Fixpoint encode (t : tree) : bintree :=
let fix encode_list ts' :=
match ts' with
| [] => Leaf
| t' :: ts' => append (encode t') (encode_list ts')
end in
match t with
| TNode n ts => Node (encode_list ts) n Leaf
end.
One technical aspect of that definition is that encode_list is "nested" in encode (fix inside a Fixpoint/fix), instead of defined mutually with encode (fix ... with ...). This is not obvious from the "Haskelly" presentation above and relies on more technical details on the definition of "subterm" that the Coq typechecker uses.
Alternatively, you can avoid the useless and inelegant branch in append by defining the composition of encode and append first, and obtain encode as a special case.
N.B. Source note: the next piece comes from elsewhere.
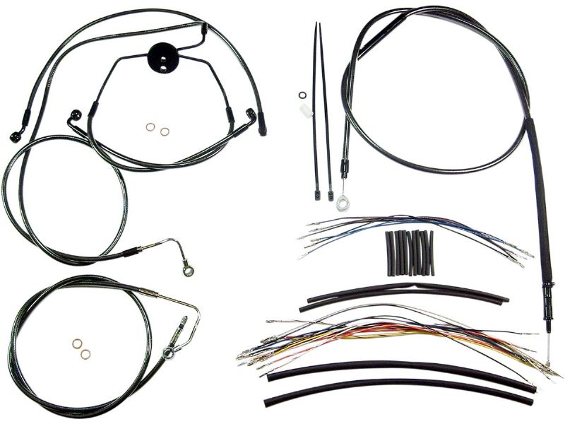 2. Kit includes throttle and idle cables of throttle-by-wire extensions, clutch cable or hydraulic clutch line, brake lines, copper crush washers, hardware, and any necessary switch wiring of turn signal extension, unless otherwise noted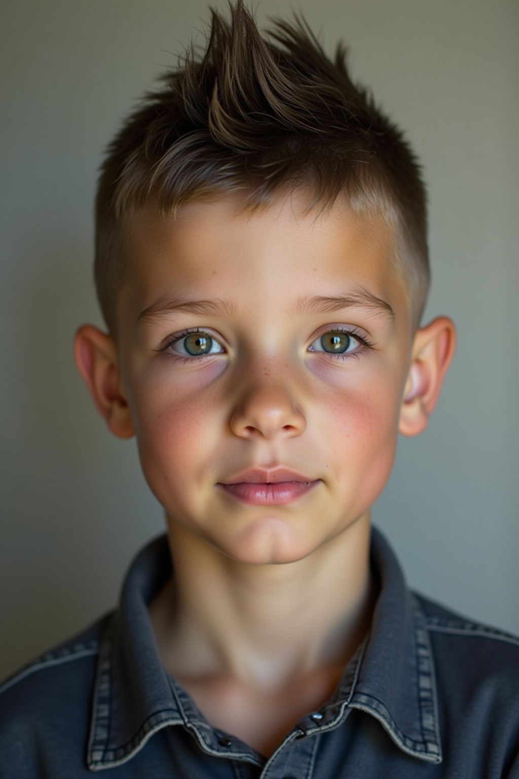 The Faux Hawk Low Taper Fade combines rebellion with sophistication, perfect for young boys who want to stand out while still looking polished. The defining characteristic is the longer hair on top styled upward in a mohawk-inspired fashion, while the sides feature a clean taper fade that gradually decreases in length. This versatile style allows kids to express their personality through styling options—they can wear it spiky for special occasions or more relaxed for everyday activities. Parents appreciate that despite its edgy appearance, this haircut requires minimal maintenance and grows out nicely, making it an excellent choice for active children.

Indeed, in the previous definition of encode, its recursive calls are all passed to append, and we know the right subtree is always a Leaf.
(* append_encode t w = append (encode t) w *)
Fixpoint append_encode (t : tree) (w : bintree) : bintree :=
let fix encode_list ts' :=
match ts' with
| [] => Leaf
| t' :: ts' => append_encode t' (encode_list ts')
end in
match t with
| TNode n ts => Node (encode_list ts) n w
end.
Definition encode (t : tree) : bintree := append_encode t Leaf.
Note that there is no tree that can be encoded to a Leaf so decode must be partial, or you'll have to reconsider the problem statement somehow.